💸 Cash Flow Calculator
Project monthly and annual cash flow for your business or personal finances — track operating inflows, outflows, and net cash flow over time with a growth rate.
Enter your values
- Annual cash flow€30,000.00
- Cash flow margin31.25%
- Total projected cash flow€200,460.60
What this means
- Current monthly cash flow: €2,500.00 (€30,000.00 per year) — positive.
- Cash flow margin of 31.25% — strong. More than 20% of revenue is retained as cash.
- Total projected cash flow over the period: €200,460.60
Visual results
Detailed breakdown
| Year | Inflows | Outflows | Net cash flow |
|---|---|---|---|
| 1 | €96,000.00 | €66,000.00 | €30,000.00 |
| 2 | €100,800.00 | €66,000.00 | €34,800.00 |
| 3 | €105,840.00 | €66,000.00 | €39,840.00 |
| 4 | €111,132.00 | €66,000.00 | €45,132.00 |
| 5 | €116,688.60 | €66,000.00 | €50,688.60 |
About this calculator
What this calculator does
This cash flow calculator projects your monthly and annual net cash flow — the difference between total money coming in (inflows) and total money going out (outflows) — over a multi-year horizon. You set your current monthly inflows and outflows, an annual growth rate for inflows, and a projection period of up to 30 years. The calculator shows how your cash position evolves year by year and computes the total cumulative cash flow across the entire period.

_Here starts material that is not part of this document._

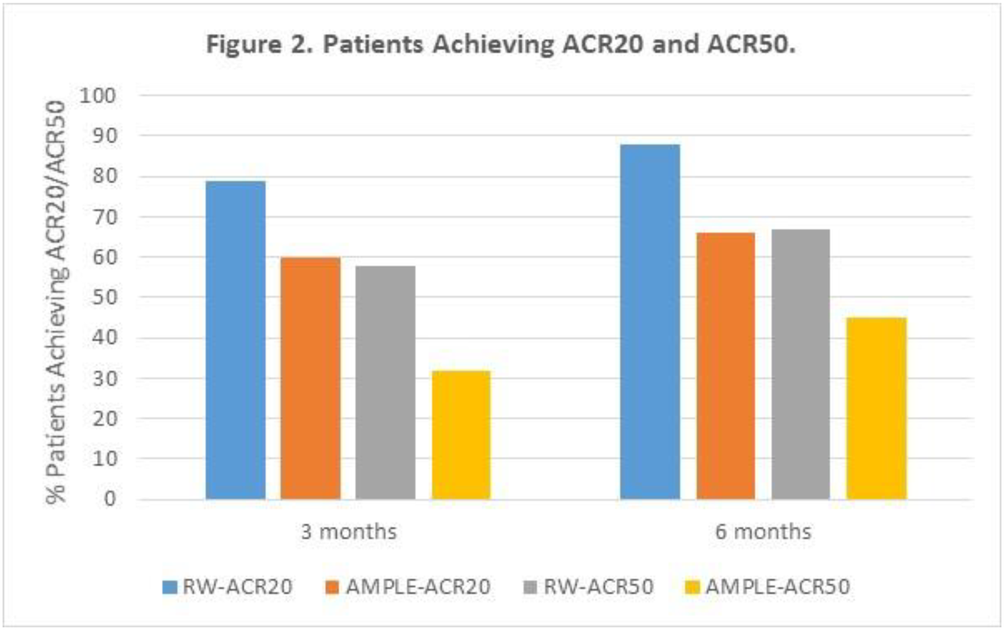 Methods: The RW cohort comprised retrospective patient-level data abstracted by 31 community rheumatologists for adult RA patients treated with abatacept who had an anti-cyclic citrullinated peptide-2 titer ≥250 AU/mL. AMPLE was a phase III, randomized controlled trial of RA patients treated with abatacept that assessed disease measures over a 2-year follow-up. Data included demographics, treatments, labs, and disease measures (tender and swollen joint counts (TJC, SJC), C-reactive protein (CRP), American College of Rheumatology-20 (ACR20) and ACR50 at baseline and 3 and 6 months) and were summarized descriptively. Disease measures were evaluated across AMPLE and RW cohorts.

Outflows remain flat (a conservative assumption), while inflows grow at the rate you specify. This models the natural operating leverage that improves cash flow over time as revenue scales.
The formula
Monthly cash flow:
Monthly Cash Flow = Monthly Inflows − Monthly Outflows
Cash flow margin:
Cash Flow Margin (%) = Monthly Cash Flow / Monthly Inflows × 100
Year-by-year inflow with growth:
Annual Inflow (year N) = Monthly Inflows × 12 × (1 + g)^(N − 1)
where g is the annual growth rate as a decimal. Outflows stay constant each year: Annual Outflow = Monthly Outflows × 12.

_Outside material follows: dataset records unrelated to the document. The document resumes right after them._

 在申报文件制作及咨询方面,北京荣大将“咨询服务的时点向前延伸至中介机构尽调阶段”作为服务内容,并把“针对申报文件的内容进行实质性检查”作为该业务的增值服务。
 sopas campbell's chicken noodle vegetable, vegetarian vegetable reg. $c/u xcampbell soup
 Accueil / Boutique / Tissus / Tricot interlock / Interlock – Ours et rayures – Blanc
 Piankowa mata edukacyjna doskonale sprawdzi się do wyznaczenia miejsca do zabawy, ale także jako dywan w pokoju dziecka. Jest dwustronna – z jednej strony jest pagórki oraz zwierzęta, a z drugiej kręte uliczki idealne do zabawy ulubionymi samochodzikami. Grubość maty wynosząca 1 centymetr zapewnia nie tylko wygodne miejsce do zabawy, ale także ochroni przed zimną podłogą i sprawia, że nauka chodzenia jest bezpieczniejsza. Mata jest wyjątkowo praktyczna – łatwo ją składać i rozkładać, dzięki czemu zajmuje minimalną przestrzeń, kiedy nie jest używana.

Total projected cash flow:
Total Cash Flow = Σ (Annual Inflow(N) − Annual Outflow) for N = 1 to years
How to interpret your results
- Monthly cash flow is your headline number — positive means you generate cash, negative means you burn it each month.

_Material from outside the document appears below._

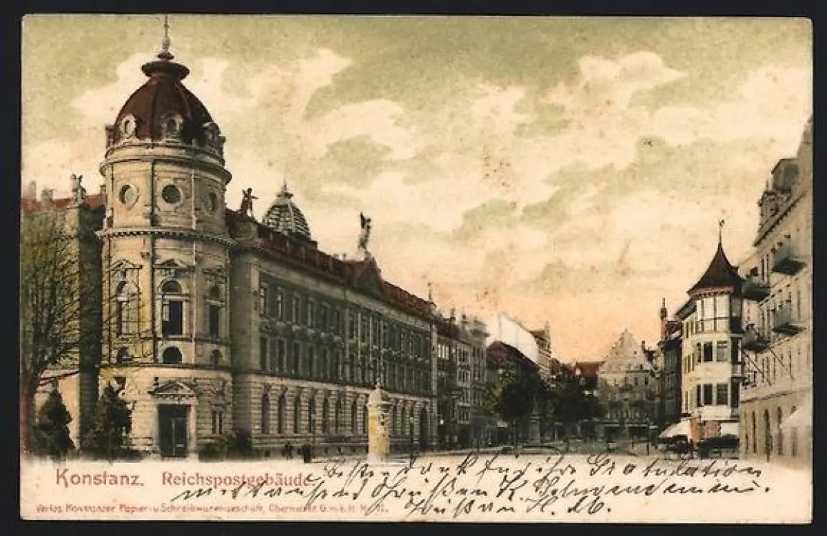 AK Konstanz, Reichspostgebäude mit Litfasssäule

- Cash flow margin expresses net cash flow as a percentage of inflows: above 20% is strong, 10–20% is healthy, below 10% is tight, and negative is a deficit that needs immediate action.
- Annual cash flow scales the monthly figure to a full year — useful for comparing against annual targets or debt obligations.
- Total projected cash flow shows the cumulative cash generated over your chosen horizon, accounting for inflow growth. Use it to size reserves, plan capital expenditure, or assess how long before breakeven is reached.
The year-by-year chart makes the growth of inflows versus flat outflows visually clear, illustrating the power of improving your revenue while controlling costs.
Common use cases
- Business planning — validate whether projected revenue covers operating costs and generates a sustainable surplus
- Freelance / self-employment — map seasonal inflows against fixed monthly obligations to spot cash-tight months in advance
- Property investment — model rental income (inflows) against mortgage, maintenance, and management costs (outflows)
- Personal finance — track household income versus total expenses to see your real surplus and plan savings accordingly
- Scenario analysis — use the comparison tool to test how a 10% increase in inflows, or a cut in a specific expense, changes your 5-year cash position
Frequently asked questions
What is the difference between cash flow and profit?
Profit is an accounting figure — it can include non-cash items like depreciation and accrued revenue. Cash flow is the actual money moving in and out of your accounts. A business can be profitable on paper but still run out of cash if customers pay late or if large capital expenditures are required. Positive cash flow is what keeps a business operationally solvent.
What is a healthy cash flow margin?
A cash flow margin above 20% is considered strong and gives comfortable headroom to cover unexpected expenses, invest in growth, or service debt. A margin between 10% and 20% is healthy for most businesses. Below 10% is tight — one bad month can push you into a deficit. Negative margin means your operating expenses exceed your revenue and the situation needs immediate attention.
How can I improve negative cash flow?
There are two levers: increase inflows or reduce outflows. On the inflow side — raise prices, pursue new clients, accelerate invoice collection, or add recurring revenue streams. On the outflow side — renegotiate supplier contracts, cut discretionary spending, defer non-essential capital expenditure, and review subscriptions. Even a 5–10% reduction in outflows can turn a deficit into a surplus. Use the comparison tool to model the impact of each change.